Der Kläger rügt mit seiner Revision die Verletzung materiellen Rechts insoweit, als das FG die Anwendung des Nettosteuersatzes gebilligt hat.
Der Kläger beantragt, unter teilweiser Aufhebung der Vorentscheidung die Haftungssumme auf ... DM herabzusetzen.
Das FA beantragt, die Revision zurückzuweisen.
Entscheidungsgründe
Die Revision des Klägers ist begründet. Sie führt zur teilweisen Aufhebung der Vorentscheidung und Herabsetzung der Haftungsschuld in dem mit der Revision beantragten Umfang. Entgegen der Auffassung des FG ist die Lohnsteuer, die auf die nichtpauschalierungsfähigen Lohnaufwendungen entfällt, insgesamt und nicht nur zu einem Drittel mit dem Bruttosteuersatz zu berechnen. Die Voraussetzungen für die Berechnung der Lohnsteuer mit dem höheren Nettosteuersatz liegen entgegen der Ansicht des FG auch insoweit nicht vor, als der Lohn an Teilzeitbeschäftigte gezahlt worden ist, die nicht dauernd im Betrieb des Klägers beschäftigt waren und mit denen eine Pauschalversteuerung vereinbart war.

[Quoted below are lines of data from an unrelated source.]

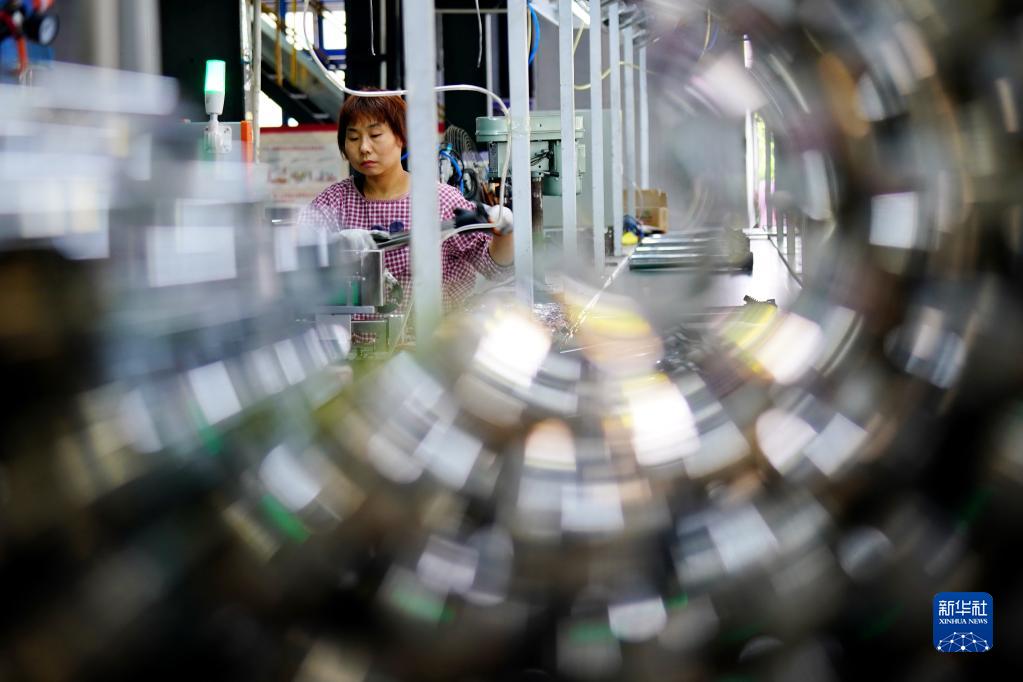 5月18日,河北省平乡县一家打气筒生产企业的工人在组装打气筒。
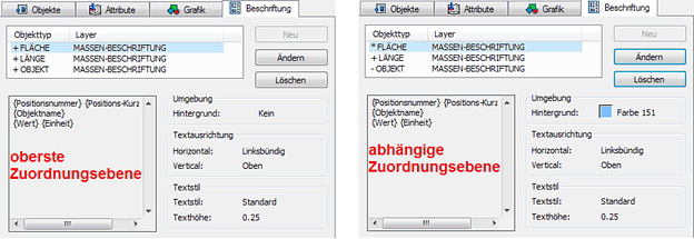 Im unteren Dialogbereich werden die Eigenschaften der aktuell ausgewählten Beschriftung eingeblendet. Dadurch ist stets ein guter Überblick über die Auswirkungen einer Beschriftung gegeben.
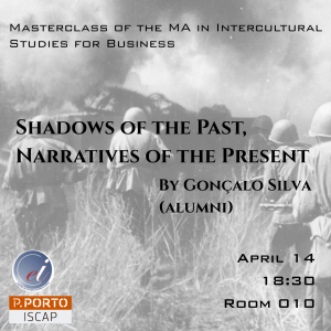 Masterclass do Mestrado em Intercultural Studies for Business “Shadows of the Past, Narratives of the Present”, 14 de abril, 18:30, sala 010.
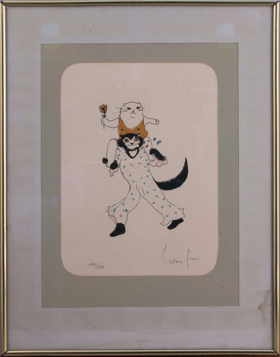 Gravure réhaussée en couleur, signée en bas à droite et numérotée 140/230 en bas à gauche.

Die Vorinstanz geht rechtsfehlerfrei von der Rechtsprechung des Senats aus, wonach die Vereinbarung eines Pauschallohnes nicht gleichzeitig hilfsweise die Vereinbarung eines Nettolohnes für den Fall umfaßt, daß die Pauschalierung fehlschlägt (vgl. Urteil vom 13. Oktober 1989 VI R 36/85, BFHE 158, 394, BStBl II 1990, 30). Die Auffassung des FG, im Streitfall sei der Kläger im Ergebnis so zu behandeln, als habe er mit den Aushilfskräften als Bruttolohn den Betrag vereinbart, der sich im Falle einer Nettolohnvereinbarung ergäbe, und deshalb sei die Schätzung der Lohnsteuer unter Anwendung eines Nettosteuersatzes insoweit zutreffend, entbehrt der Grundlage. Denn fest steht im Falle der fehlgeschlagenen Pauschalierung lediglich, in welcher Höhe den Arbeitnehmern tatsächlich Lohn zugeflossen ist. Da der Arbeitgeber trotz entsprechender gesetzlicher Verpflichtung von dem ausgezahlten Lohn keine Lohnsteuer einbehalten und abgeführt hat, haftet er gemäß § 42 d Abs. 1 Nr. 1 EStG für die Lohnsteuer, die er einzubehalten und abzuführen gehabt hätte. Läßt sich die Höhe der einzubehaltenden Lohnsteuer nicht berechnen, weil der Arbeitgeber die gesetzlich vorgeschriebenen Aufzeichnungen nicht geführt hat und die Besteuerungsmerkmale der einzelnen Arbeitnehmer nicht zu ermitteln sind, so ist die Lohnsteuer gemäß § 162 der Abgabenordnung (AO 1977) zu schätzen. Dieser Schätzung ist -- da im Falle der fehlgeschlagenen Pauschalierung eine hilfsweise Nettolohnvereinbarung oder hilfsweise Vereinbarung eines höheren Bruttolohnes nicht zu unterstellen ist -- der niedrigere Bruttosteuersatz und nicht der höhere Nettosteuersatz zugrunde zu legen (vgl. Urteil des Bundesfinanzhofs vom 29. Oktober 1993 VI R 26/92, BFHE 172, 472, BStBl II 1994, 197).